**TASK DATA**
——

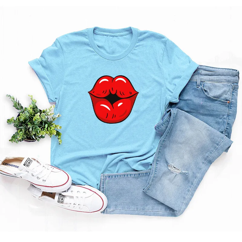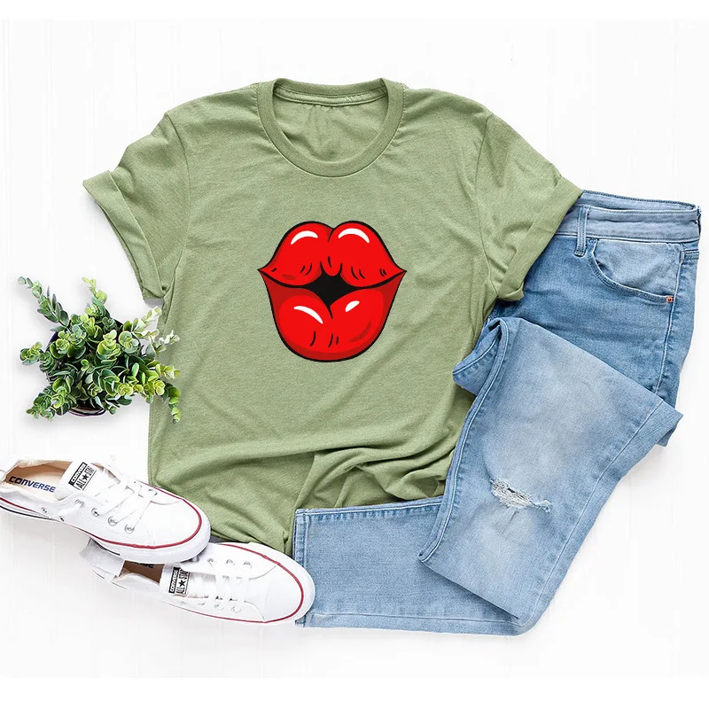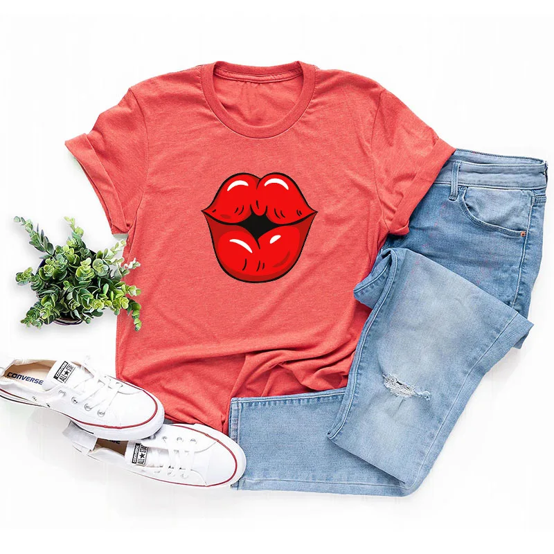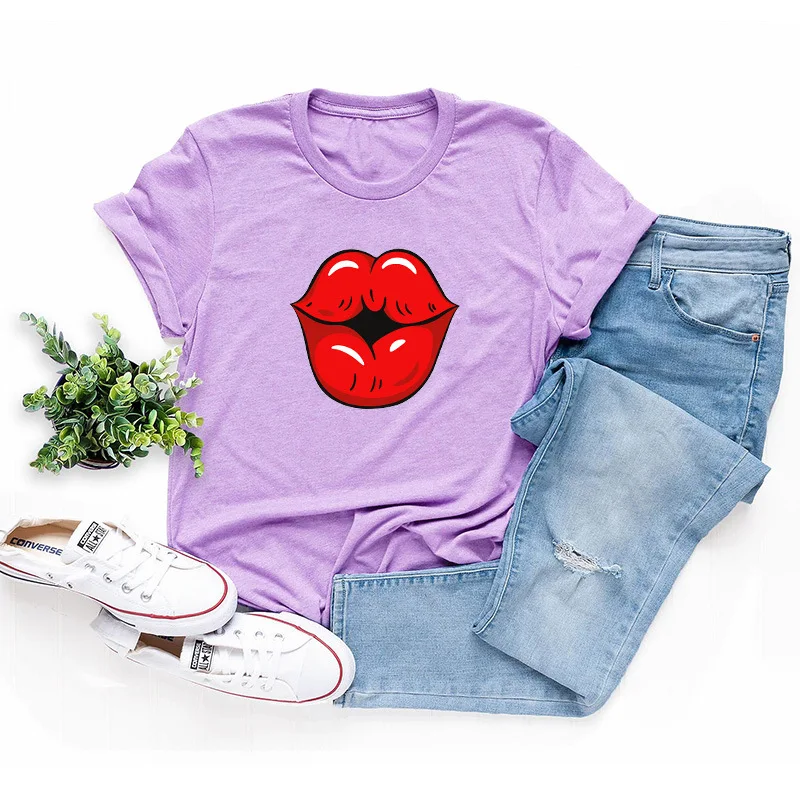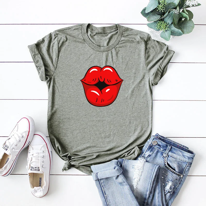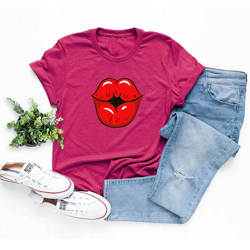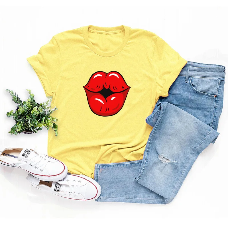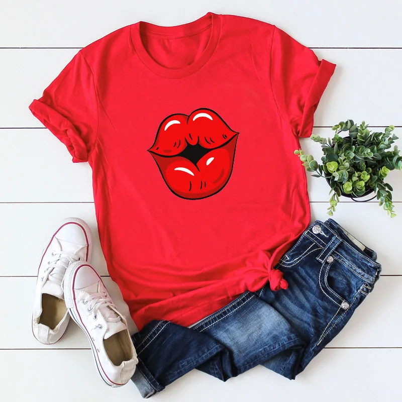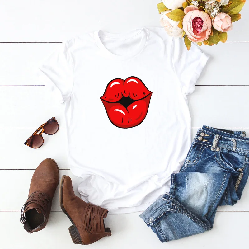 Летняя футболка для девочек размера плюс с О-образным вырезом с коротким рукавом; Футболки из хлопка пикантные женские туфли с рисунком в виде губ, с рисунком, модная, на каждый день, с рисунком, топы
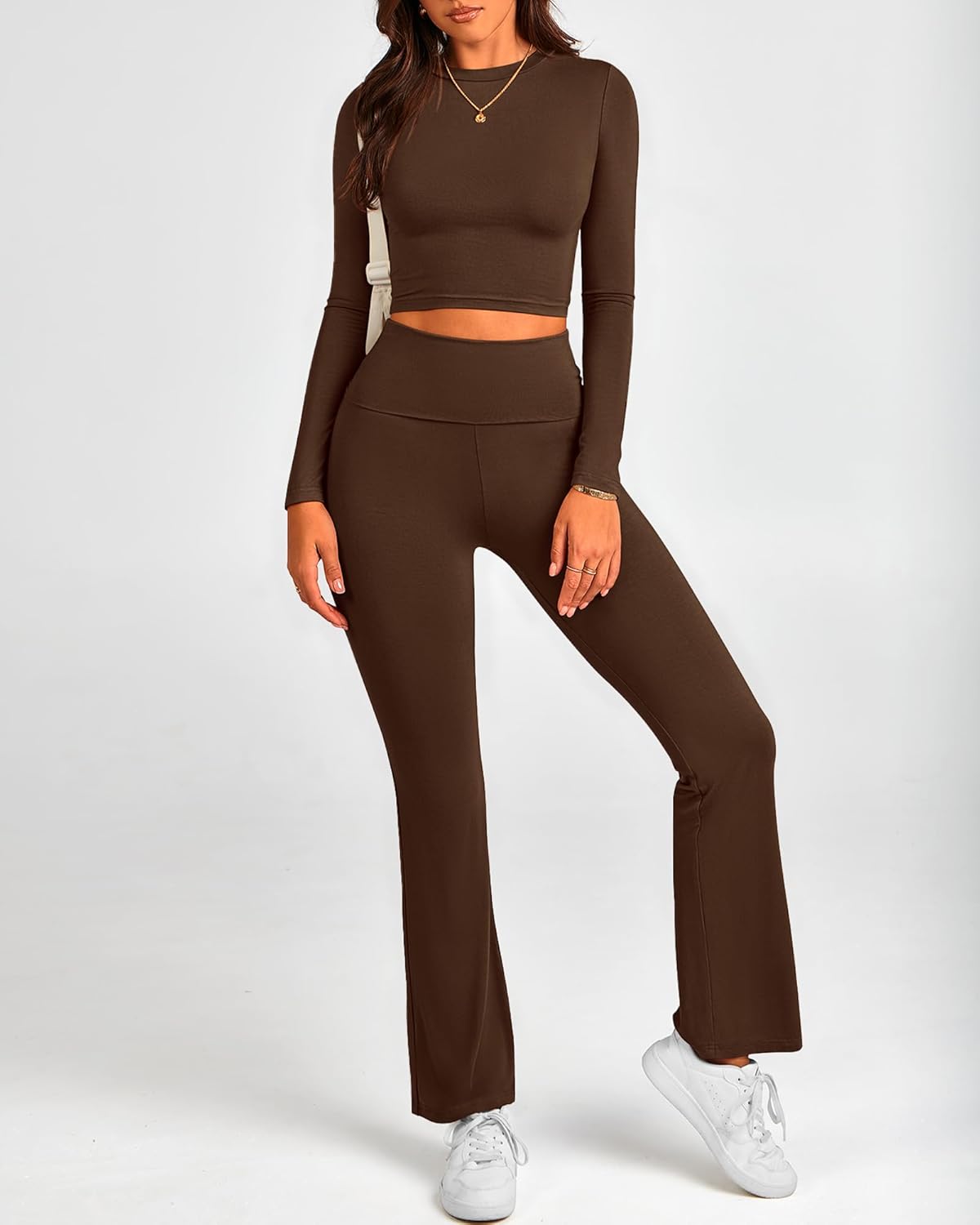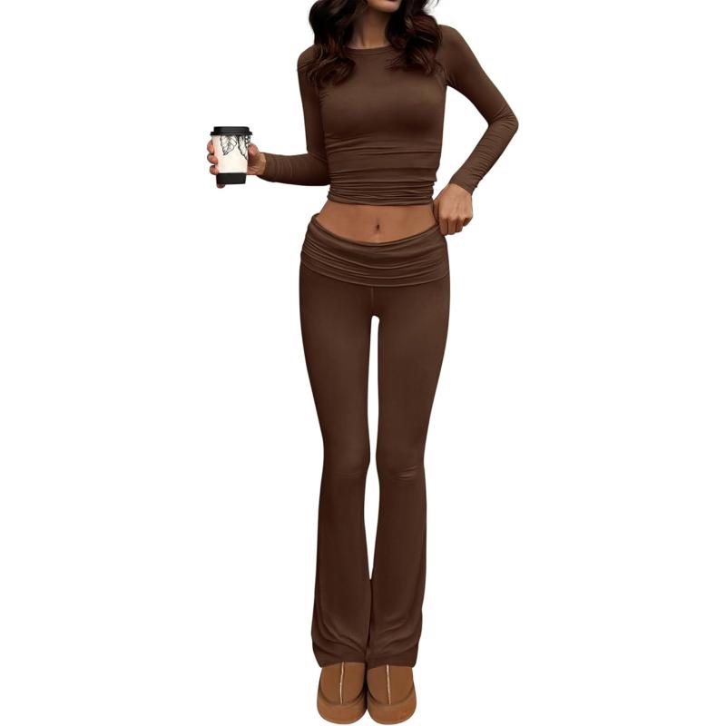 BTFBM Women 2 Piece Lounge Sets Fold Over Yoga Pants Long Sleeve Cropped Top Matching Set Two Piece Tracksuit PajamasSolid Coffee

——

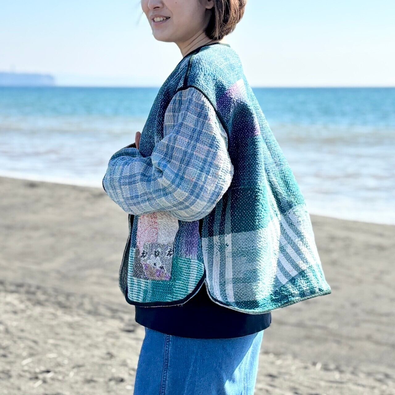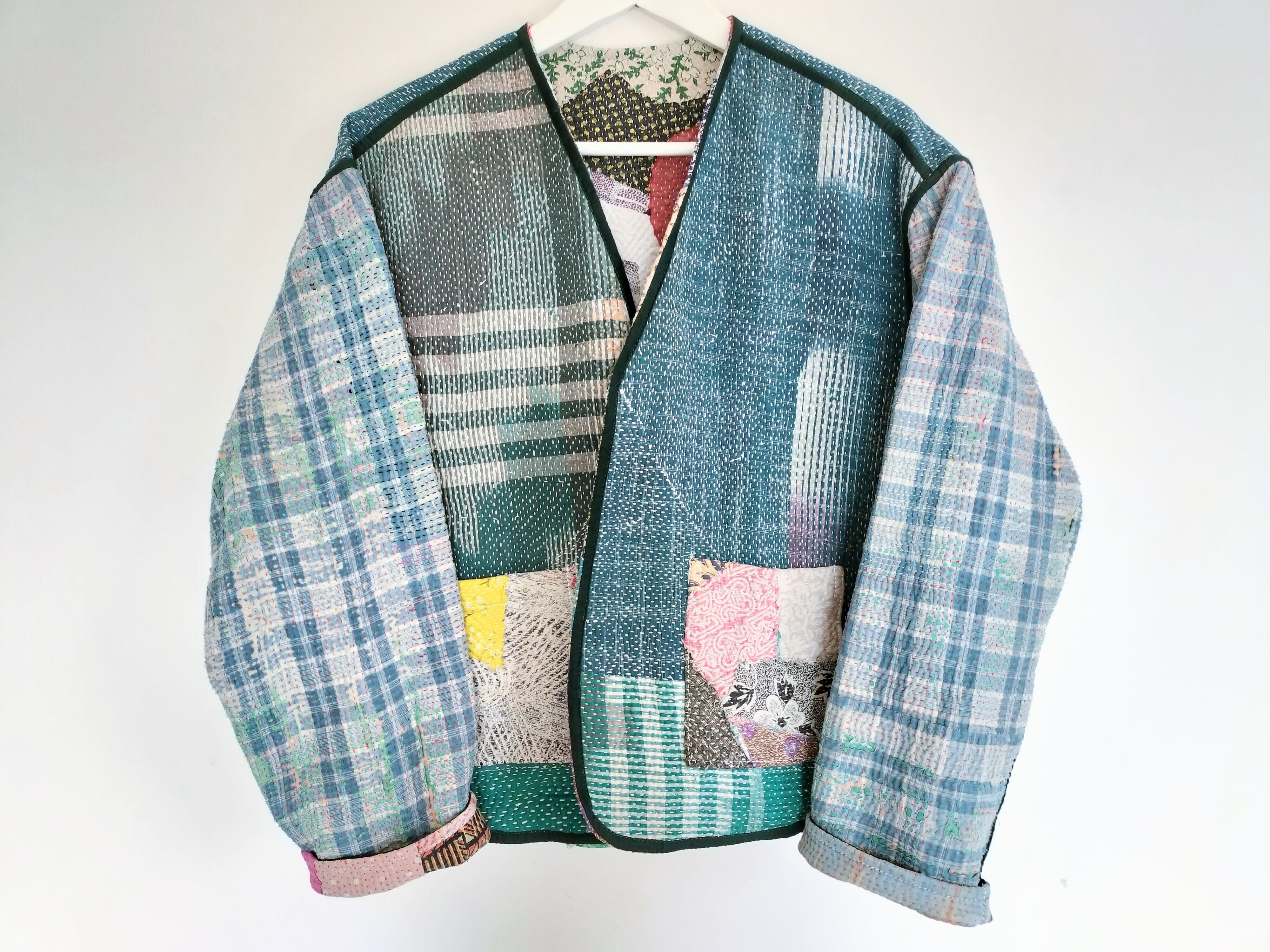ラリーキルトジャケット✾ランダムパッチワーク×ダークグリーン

——

**INSTRUCTIONS FOR THE TASK**
Copy only what lies between the line with "Летняя футболка для" and the line with "BTFBM Women 2", those two lines included, exactly as given above; pictures stay out.

**COMPLETED EXERCISE**
 Летняя футболка для девочек размера плюс с О-образным вырезом с коротким рукавом; Футболки из хлопка пикантные женские туфли с рисунком в виде губ, с рисунком, модная, на каждый день, с рисунком, топы
 BTFBM Women 2 Piece Lounge Sets Fold Over Yoga Pants Long Sleeve Cropped Top Matching Set Two Piece Tracksuit PajamasSolid Coffee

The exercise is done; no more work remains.